Вот и кончилась наша Мадридская голодовка — что дальше? Это уж зависит не от нас, а от тех сюрпризов, что заготовил нам КГБ. Не будет никаких издевательств — будем мирно шить свои варежки и писать письма, два раза в месяц. Начнутся «воспитательные приемы» — придется нам как-то реагировать. Вы думали, у нас нет уже сил? Есть, есть! Сами не знаем, откуда берутся. А может — знаем?
Что-то завтра, кораблик наш, Малая зона,
Что сбудется нам? По какому закону
Скорлупкой по мертвым волнам?
Весь в заплатах и шрамах,
На слове — на честном — одном
Чьей рукою храним наш кораблик,
Наш маленький дом?
Кто из нас доплывет, догребет, доживет
До других
Пусть расскажет: мы знали
Касание этой руки.
— Женщины! В ларек!
Ларька мы в этом месяце тоже лишены, но по закону имеем право купить мыло, зубной порошок и тому подобное. Наказывают только лишением еды, а лишать зэков мыла — себе дороже: лечи потом от чесотки! Отыгрываются на том, что продают мыло самое дорогое — в шесть-семь раз дороже обычного. Такое и на свободе мало кто купит, а нам деваться некуда — уходят наши нищенские пять рублей в месяц на необходимую гигиену. Входим в ларек и столбенеем: овощи, фрукты, печенье, повидло, даже какой-то сыр! Это что же такое? Да бывает ли такое в лагере? Нам торжественно объявляют:
— Вы, женщины, всего этого купить не можете, потому что на вас на всех — постановление о лишении.

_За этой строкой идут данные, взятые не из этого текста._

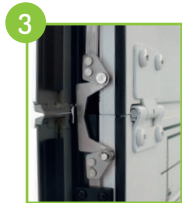
3 Tringlerie en inox en applique (sans câble)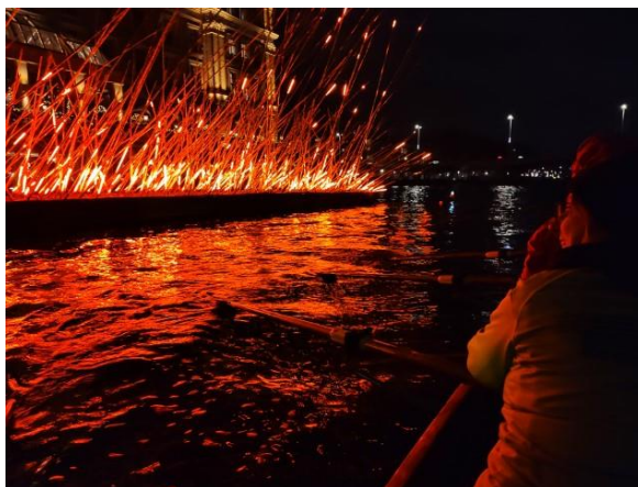
Amsterdam bij Light

Vroegere nieuwsbrieven vind je ook op onze website the-oar.be/nieuwsbrief.htm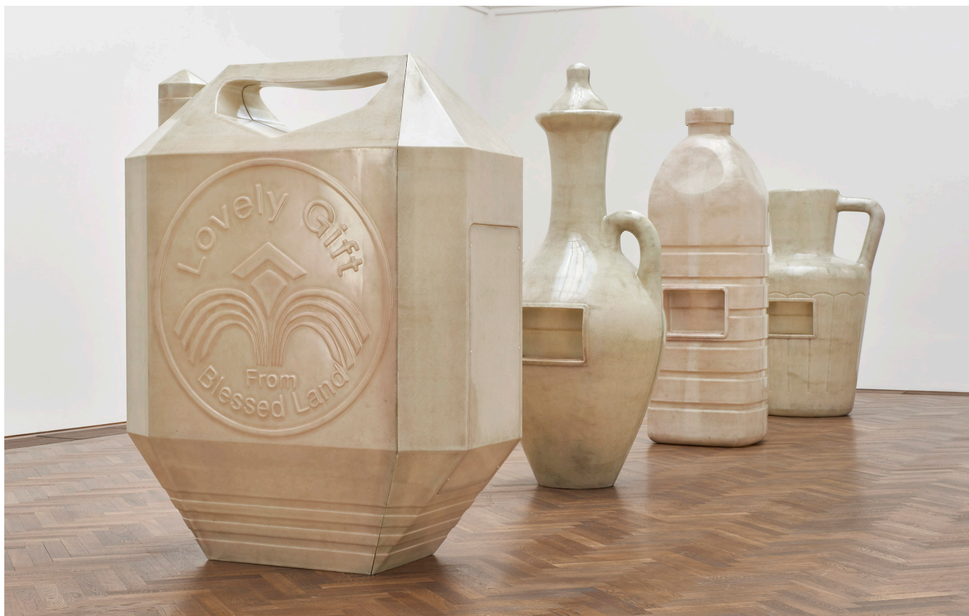
Alia Farid, In Lieu of What Is , 2022 Installation view Kunsthalle Basel.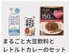
まるごと大豆飲料とレトルトカレーのセット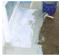
4 Das Triflex Spezialvlies wird vollflächig und blasenfrei eingearbeitet.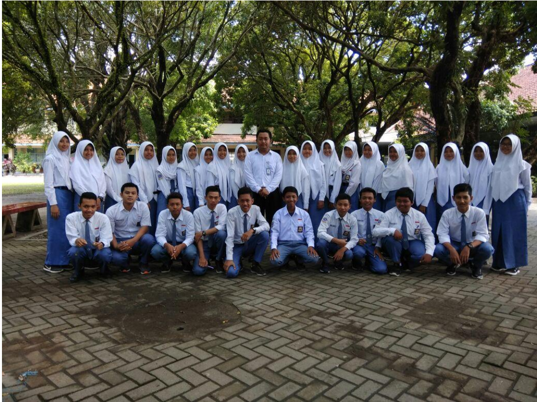
Gambar 5: Foto setelah mengajar pertemuan terakhir di XI IPS 1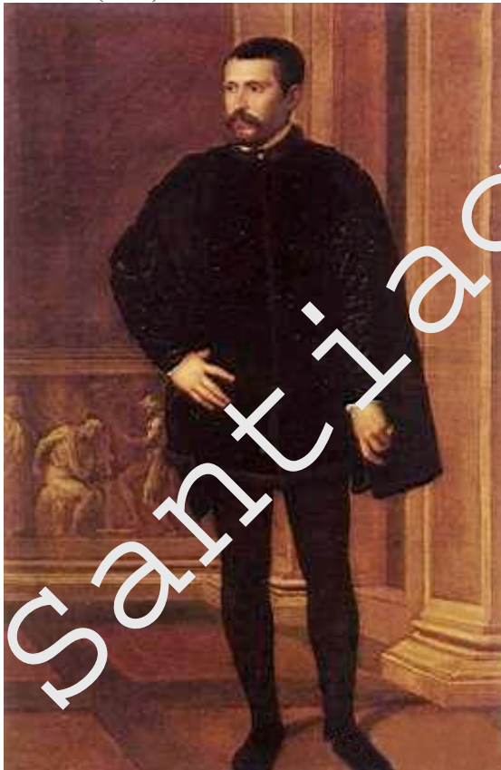
Tiziano, hacia 1541. Diego Hurtado de Mendoza (identidad atribuida dudosa)

Fue uno de los personajes más relevantes del renacimiento español. Hijo de don Diego Hurtado de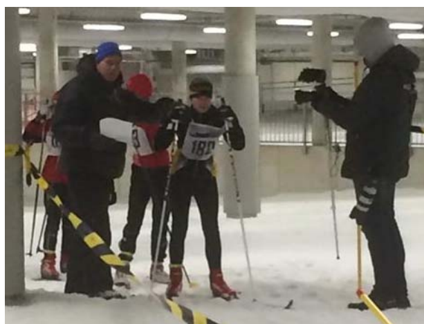
Ski 2016. Två ytterligare tävlingar ingår i cupen och genomförs under januari varav en går i Lövhult.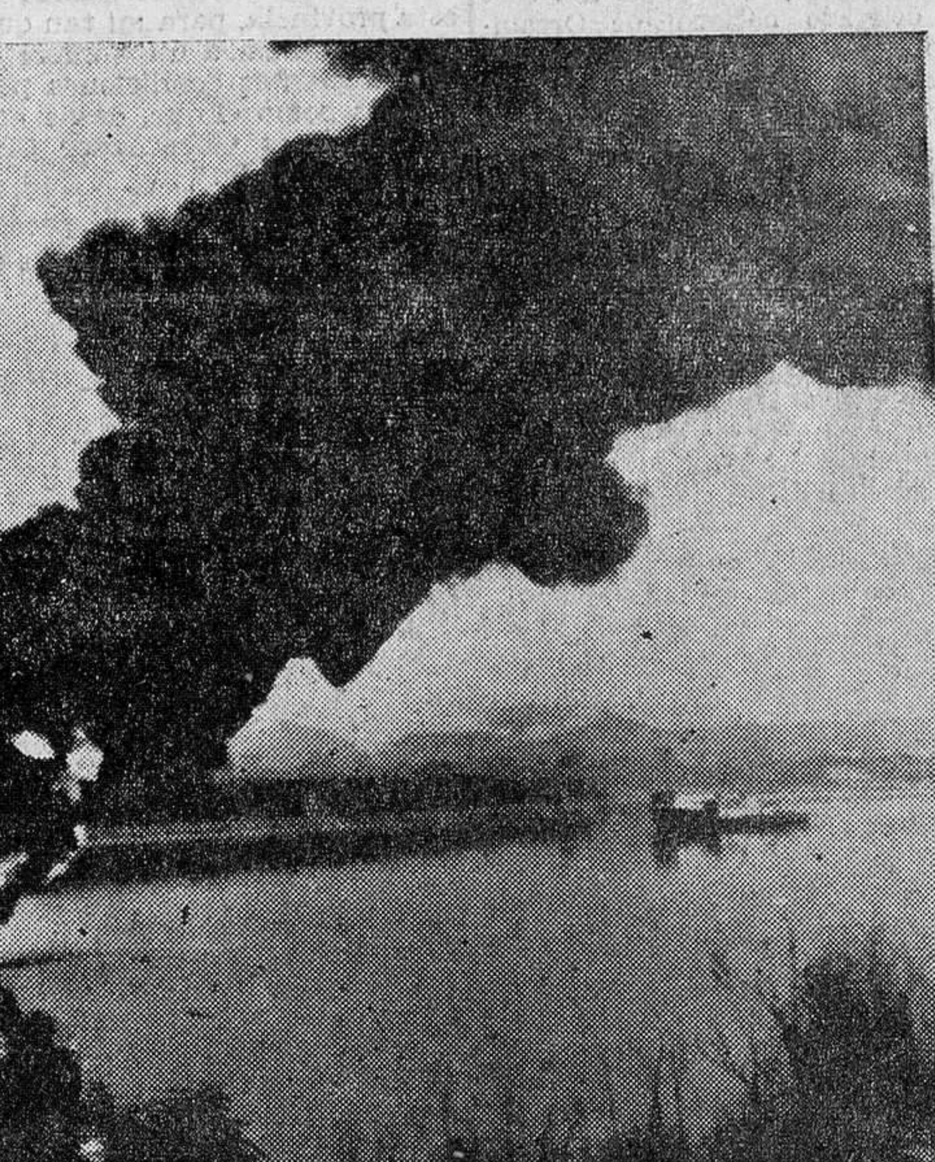
Una demostración del nuevo anti-fuego flotante ha sido realizada en el puerto departamental de Gennevilliers. El aparato está formado por dos elementos flotantes estabilizadores. Una alfombra de siete mil litros de mezcla de fuel-oil doméstico y de gasolina flamea, contenida por la barrera flotante.

ciat saludó al Ministro y le hizo entrega de los estudios y proyectos económicos, sociales y asistenciales de la Organización Sindical. Después de hacer entrega de las credenciales a los jefes de los Sindicatos, pronunció el señor Solis unas palabras en las que hizo visible el gran esfuerzo de los Sindicatos y de sus hombres en un elevado afán por el engrandecimiento nacional. Hizo notar después el Ministro la responsabilidad de los mandos y jerarquías, y en este momento fue interrumpido por los aplausos y vítores de los asistentes. Al final, el señor Solis recibió una cálida y prolongada ovación. En este acto, también dio posesión el Ministro Secretario General del Movimiento a los nuevos presidentes de entidades provinciales sindicales elegidos últimamente.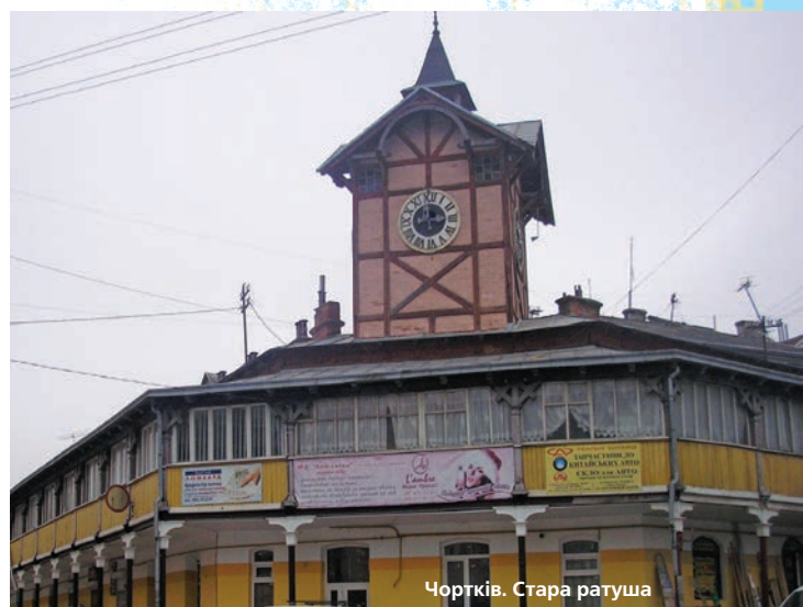
Чортків. Стара ратуша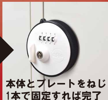
本体とプレートをねじ1本で固定すれば完了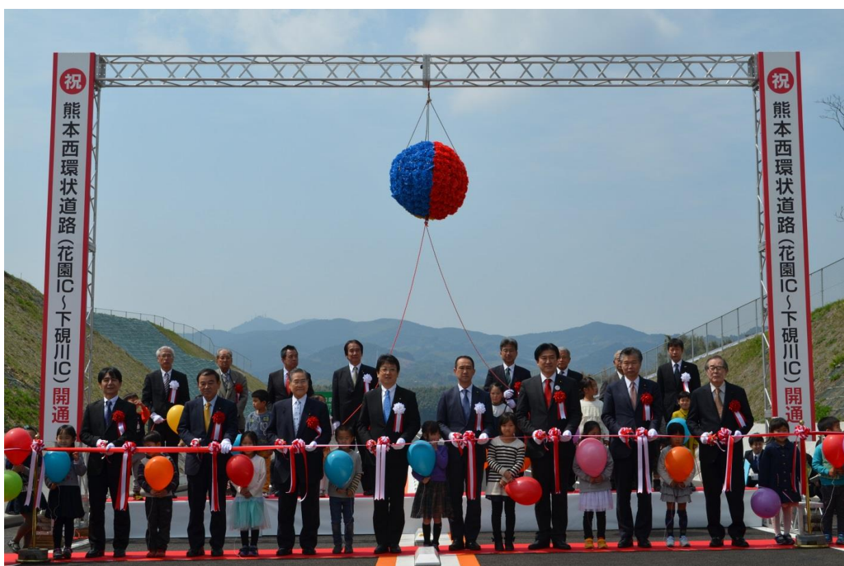
熊本西環状道路（花園 I C～下硯川 I C）開通式（H29.3.26）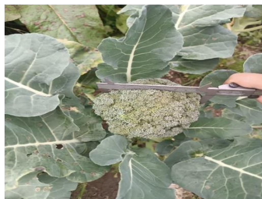
Figura 16. Diámetro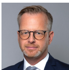
Regeringskansliet Mikael Damberg Inrikesminister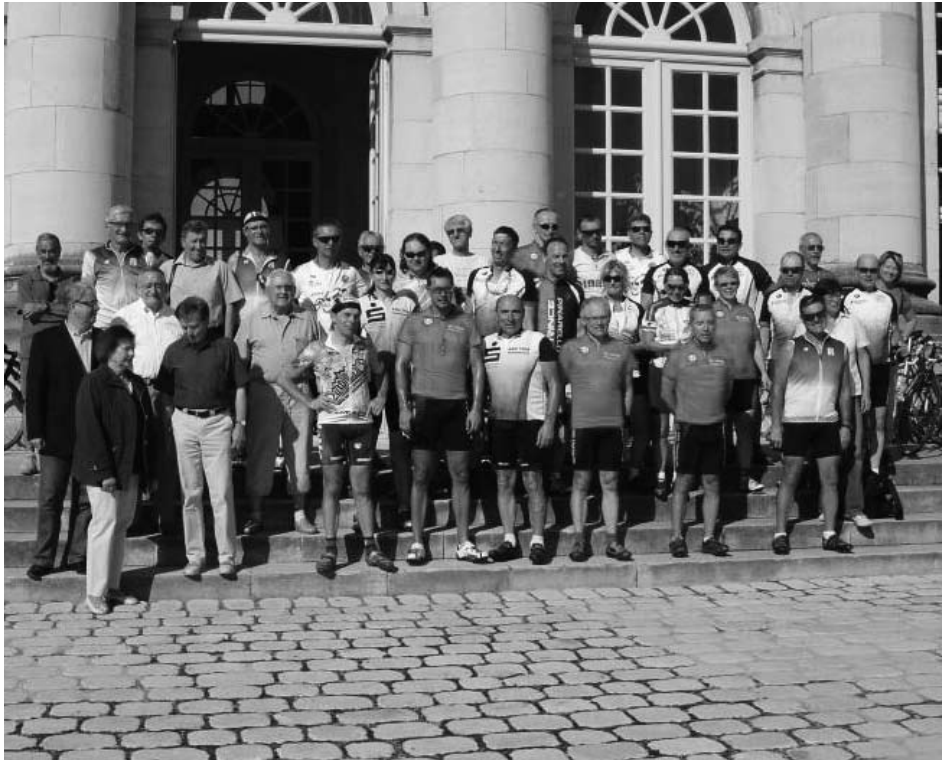
Bei der 20. Auflage ihrer Radfahrt nach Commercy wurden die Sportler der ASG „Triathlon“ und Vertreter beider Freundeskreise von Bürgermeister Muller empfangen.

Beim Rückblick auf die Städtepartnerschaft mit Commercy ist auch für das Jahr 2009 eine durchweg positive Bilanz zu ziehen. Rund 25 Treffen und Veranstaltungen fanden auf offizieller sowie Schul- und Vereinsebene statt, sodass in der Tat von einer lebendigen Verbindung gesprochen werden kann.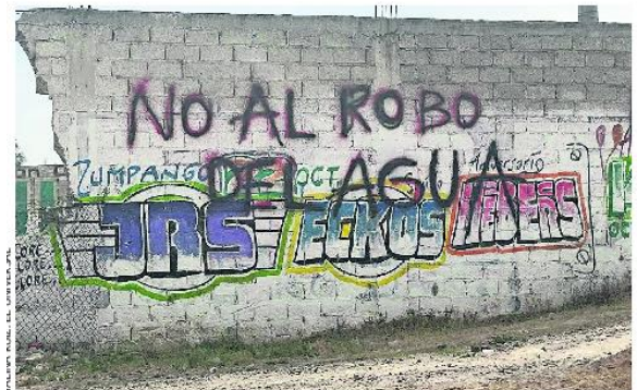
Los vecinos del municipio de Zumpango, Estado de México, se muestran inconformes con la decisión de llevarse el agua a la Ciudad de México.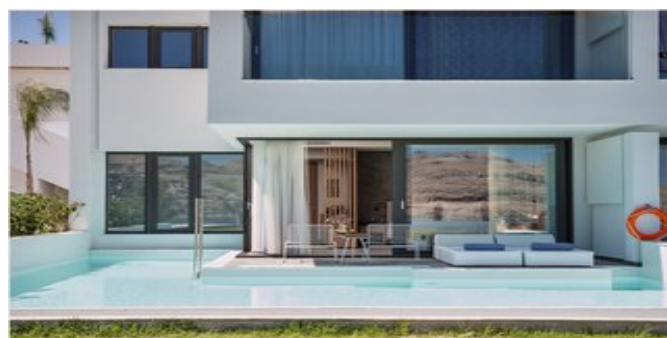
Wohnbeispiel Deluxe Juniorsuiten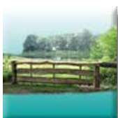
Akkers en weiden aanwezig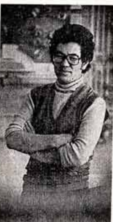
Вал встреч писатель Анатолий Алексин.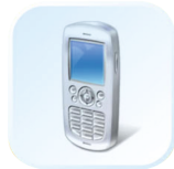
Мобильный телефон (SMS)

Ладно, купим мыла. Да вон, кстати, и косметический крем какой-то лежит, дополняя картину неслыханного изобилия. Но, оказывается, и этого нам продавать не ведено. Нарушение закона? У них закон один — что начальник лагеря велел. А он лично распорядился. Зачем же нас сюда привели? Только чтоб подразнить? Сами они объяснить не могут: велено привести и отвести назад, ничего не позволив купить. Ну-ну, старайтесь, милые. Приемы у вас один примитивнее другого: припугнуть посильнее, да показать пожирнее кусок. Дешевые соблазны — как раз в рамках вашей системы ценностей. Вы-то сами не можете представить себе ничего более значимого, чем этот самый кусок. Так что же с вас, бедняги, и спрашивать! Уходим, посмеиваясь. Ведь чего они хотят? Чтоб мы перевоспитались! То есть стали такими, как они. И, сами того не ведая, ежедневно пришпоривают в нас чувство непобедимой брезгливости: когда видишь их в действии, просто физически невозможно становиться на сторону всех этих оперативников, прокуроров, кагебешников… С души воротит. Уж лучше нырнуть в выгребную яму, чем подгонять свою душу под их требования!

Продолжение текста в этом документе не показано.